- Burial place of Reichel-Dolmatoff
- Born: 6 March 1912 Salzburg, Austria-Hungary
- Died: 17 May 1994 (aged 82) Bogotá, Colombia
- Known for: Archaeology, anthropology
- Spouse: Alicia Dussán Maldonado ​ ​(m. 1943)​
- Children: 4
- Scientific career
- Fields: Archaeology & anthropology of indigenous peoples of Colombia

= Gerardo Reichel-Dolmatoff =

Austrian anthropologist (1912–1994)

Gerardo Reichel-Dolmatoff (6 March 1912 – 17 May 1994) was an Austrian anthropologist and archaeologist. He is known for his fieldwork among many different Amerindian cultures such as in the Amazonian tropical rainforests (e.g. Desana Tucano), and also among dozens of other indigenous groups in Colombia in the Caribbean Coast (such as the Kogi of the Sierra Nevada de Santa Marta), as well as others living in the Pacific Coast, Llanos Orientales, and in the Andean and inter-Andean regions (Muisca) as well as in other areas of Colombia, and he also did research on campesino societies. For nearly six decades he advanced ethnographic and anthropological studies, as well as archeological research, and as a scholar was a prolific writer and public figure renowned as a staunch defender of indigenous peoples. Reichel-Dolmatoff has worked with other archaeologists and anthropologists such as Marianne Cardale de Schrimpff, Ana María Groot, Gonzalo Correal Urrego and others. He died 17 May 1994 in Colombia.

== Personal life ==
Reichel was born in 1912 in Salzburg, then part of Austria-Hungary, as son of the artist Carl Anton Reichel and Hilde Constance Dolmatoff. Oriented in the classics (Latin and Greek) he did most of his high school at the Benedictine school of Kremsmunster in Austria. He attended classes at the Faculté des Lettres of the Sorbonne and in the École du Louvre from late 1937 to 1938. Reichel emigrated to Colombia in 1939, where he became a Colombian citizen in 1942. Reichel became member and was the Secretary to the Free France Movement (1942-1943) with the help of his colleague and friend the French ethnologist Paul Rivet who was the Delegate of the Resistance of France Libre and living in Colombia. General Charles De Gaulle later awarded Reichel-Dolmatoff with the medal of the Ordre national du Mérite. Reichel-Dolmatoff spent the rest of his life in research in the fields of anthropology, archaeology, ethnoecology, ethnohistory, ethnoastronomy, material culture, art, and vernacular architecture, among others.

== Career ==
Reichel-Dolmatoff developed a keen interest for conducting fieldwork which would take him and his studies throughout the country, the Caribbean area, La Guajira desert, the Chocó rainforests, the Llanos Orientales, to the mountains of the Sierra Nevada de Santa Marta and the Amazon rainforests.

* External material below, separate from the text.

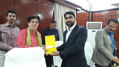 अनुमंडल एवं प्रखंड स्तर के पदाधिकारी से संबंधित आवेदनों को अनुमंडल स्तर पर तथा जिला स्तरीय पदाधिकारी से संबंधित आवेदनों को जिला स्तर कार्यालय पर लिया जाता है। आकांक्षी जिला के संबंध में नीति आयोग की सुश्री मैत्रेयी ने किए जा रहे कार्यों का विवरण प्रस्तुत किया। उन्होंने कहा कि ‘आपका प्रशासन आपके द्वार’ कार्यक्रम के तहत उग्रवाद प्रभावित क्षेत्रों में प्रत्येक 15 दिन पर सभी संबंधित विभागों के साथ कैंप का आयोजन किया जा रहा है। जिसमें उज्जवला योजना, उजाला योजना, प्रधानमंत्री जीवन ज्योति बीमा योजना, जन धन योजना, हर घर बिजली योजना एवं बिहार सरकार की योजनाओं से संबंधित आवेदनों का ऑन द स्पॉट निष्पादन किया जा रहा है। नेशनल डिफेंस कॉलेज नई दिल्ली के सदस्यों ने कई सवाल भी किए जिनका जवाब संबंधित पदाधिकारियों के द्वारा दिया गया टीम के सदस्यों ने दिया। उन्होंने गया जिला में बेहतरीन कार्य करने के लिए यहाँ के पदाधिकारियों की प्रशंसा की। इसके उपरांत श्री सैयद अली मुर्तजा रिजवी संयुक्त सचिव ने सहायक समाहर्ता श्री योगेश कुमार सागर को स्मृति चिन्ह प्रदान किया। इसके उपरांत गया जिला की ओर से उप विकास आयुक्त, सहायक समाहर्ता एवं निदेशक ग्रामीण विकास अभिकरण ने सभी सदस्यों को बारी-बारी से स्मृति चिन्ह प्रदान किया।

Some of Reichel-Dolmatoff's archeological research was essential in creating the basic chronological framework for most of the Colombian area, and is still used today. In a trip to the upper Meta River in the Orinoco plains in 1940, he conducted research and later published the earliest studies done on the Guahibo Indians. In 1943 Gerardo wrote his first article on the Muisca settlement of Soacha. That same year, together with his wife anthropologist and archeologist Alicia Dussán, he conducted an analysis on pre-Columbian burial urns of the Magdalena River. Working in the Tolima region inhabited by Amerindians and the renowned indigenous leader Quintin Lame, they also published a study indicating the indigenous culture of the local populations and also indicated the blood type variations among the indigenous groups of the Pijao in the Department of Tolima as further proof of their Amerindian identity as these tribes were arguing over rights to their ancestral territories.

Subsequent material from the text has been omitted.